- [SUPPLIED MATERIAL]

◇ ◇ ◇

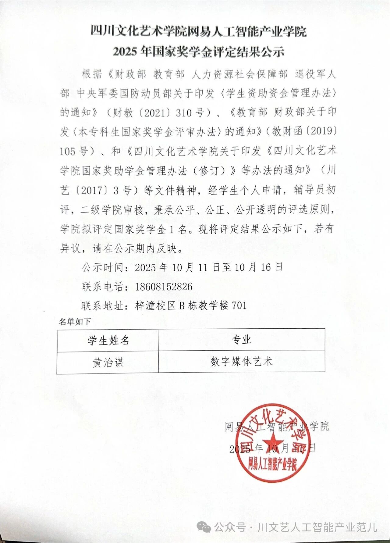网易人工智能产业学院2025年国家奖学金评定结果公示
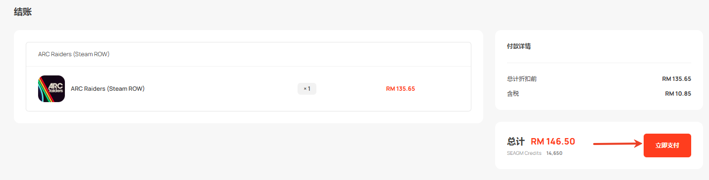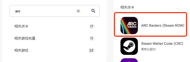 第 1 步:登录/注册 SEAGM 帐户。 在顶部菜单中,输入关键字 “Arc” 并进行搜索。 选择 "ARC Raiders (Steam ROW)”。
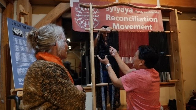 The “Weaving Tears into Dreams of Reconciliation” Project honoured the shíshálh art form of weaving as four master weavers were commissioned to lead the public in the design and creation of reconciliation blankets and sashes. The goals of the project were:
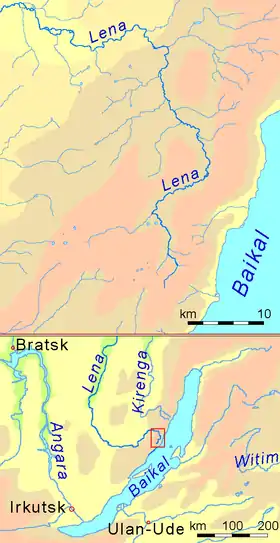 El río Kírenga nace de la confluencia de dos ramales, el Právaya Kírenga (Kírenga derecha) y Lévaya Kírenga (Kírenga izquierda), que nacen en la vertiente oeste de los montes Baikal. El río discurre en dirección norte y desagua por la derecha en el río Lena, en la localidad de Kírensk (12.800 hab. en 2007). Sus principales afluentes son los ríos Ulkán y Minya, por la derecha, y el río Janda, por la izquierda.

◇ ◇ ◇

- [TASK]
Copy out every line of the data above, taking care to leave the pictures out.

- [TASK RESULT]
网易人工智能产业学院2025年国家奖学金评定结果公示
 第 1 步:登录/注册 SEAGM 帐户。 在顶部菜单中,输入关键字 “Arc” 并进行搜索。 选择 "ARC Raiders (Steam ROW)”。
 The “Weaving Tears into Dreams of Reconciliation” Project honoured the shíshálh art form of weaving as four master weavers were commissioned to lead the public in the design and creation of reconciliation blankets and sashes. The goals of the project were:
 El río Kírenga nace de la confluencia de dos ramales, el Právaya Kírenga (Kírenga derecha) y Lévaya Kírenga (Kírenga izquierda), que nacen en la vertiente oeste de los montes Baikal. El río discurre en dirección norte y desagua por la derecha en el río Lena, en la localidad de Kírensk (12.800 hab. en 2007). Sus principales afluentes son los ríos Ulkán y Minya, por la derecha, y el río Janda, por la izquierda.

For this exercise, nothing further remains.